Timeline of the events
May 10 [ 9:30-11:30 am]
- The binary was downloaded on an internal machine (Eliza) in the
CoPS lab. Eliza was connected directly (using a crossover network
cable) to another lab machine, Darwin, which was used as a router and
packet sniffer.
- A sniffer was started on Darwin to inspect all the packets that
might be sent from and to Eliza. The binary file was run on the Eliza
using strace under normal user login to figure out what system calls
were made. The output log file for strace showed that it checked the
user id and quit. There was no activity on the sniffer. The binary was
again run on Eliza under 'root'. The first try at strace failed since
the process almost immediately forked. This execution was tried again
using the "
-ff
" flag to strace. Now the strace log file
showed a socket call and then a recv call.

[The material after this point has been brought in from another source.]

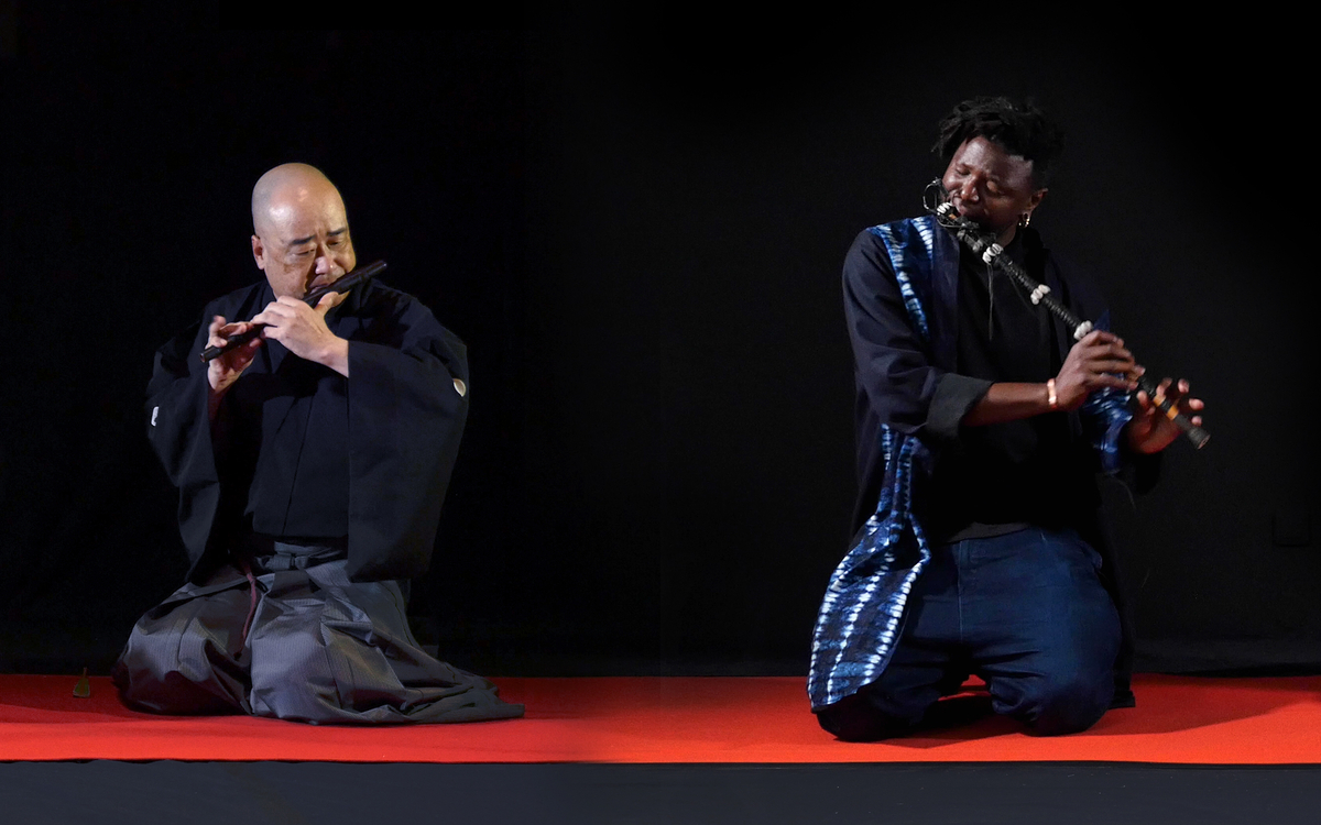 Smaïl Kanouté, Native Maqari et Simon Rouby se rencontrent en 2020 alors qu’ils travaillent sur le même personnage historique : Yasuke, le Samouraï Noir. Depuis, Smaïl lui a consacré un film et une performance. Native et Simon s’en sont inspirés pour réaliser une étude comparative du Sahel et du Japon, découvrant des similitudes entre les instruments traditionnels peuls et japonais. Les trois artistes échangeront sur leurs pratiques et leurs recherches qui ont en commun de questionner l’expérience noire et la migration, après la diffusion de deux oeuvres présentées dans l’exposition : Yasuke Kurosan et Dialogues.

The entire strace is shown
below:
chdir("/") = 0
close(0) = 0
close(1) = 0
close(2) = 0
time(NULL) = 1021044128
socket(PF_INET, SOCK_RAW, 0xb /* IPPROTO_??? */) = 0
sigaction(SIGHUP, {SIG_IGN}, {SIG_DFL}, 0x400587a8) = 0
sigaction(SIGTERM, {SIG_IGN}, {SIG_DFL}, 0x400587a8) = 0
sigaction(SIGCHLD, {SIG_IGN}, {SIG_IGN}, 0x80575a8) = 0
sigaction(SIGCHLD, {SIG_IGN}, {SIG_IGN}, 0x80575a8) = 0
recv(0, 0xbffff2d4, 2048, 0) = ? ERESTARTSYS (To be restarted)
+++ killed by SIGKILL +++
The recv was a blocking call, waiting for a packet with protocol
number 11 (0xb
in the socket call above).
- We ran netstat on Eliza and used NMAP from Darwin to check for
open ports. This didn't yield anything informative.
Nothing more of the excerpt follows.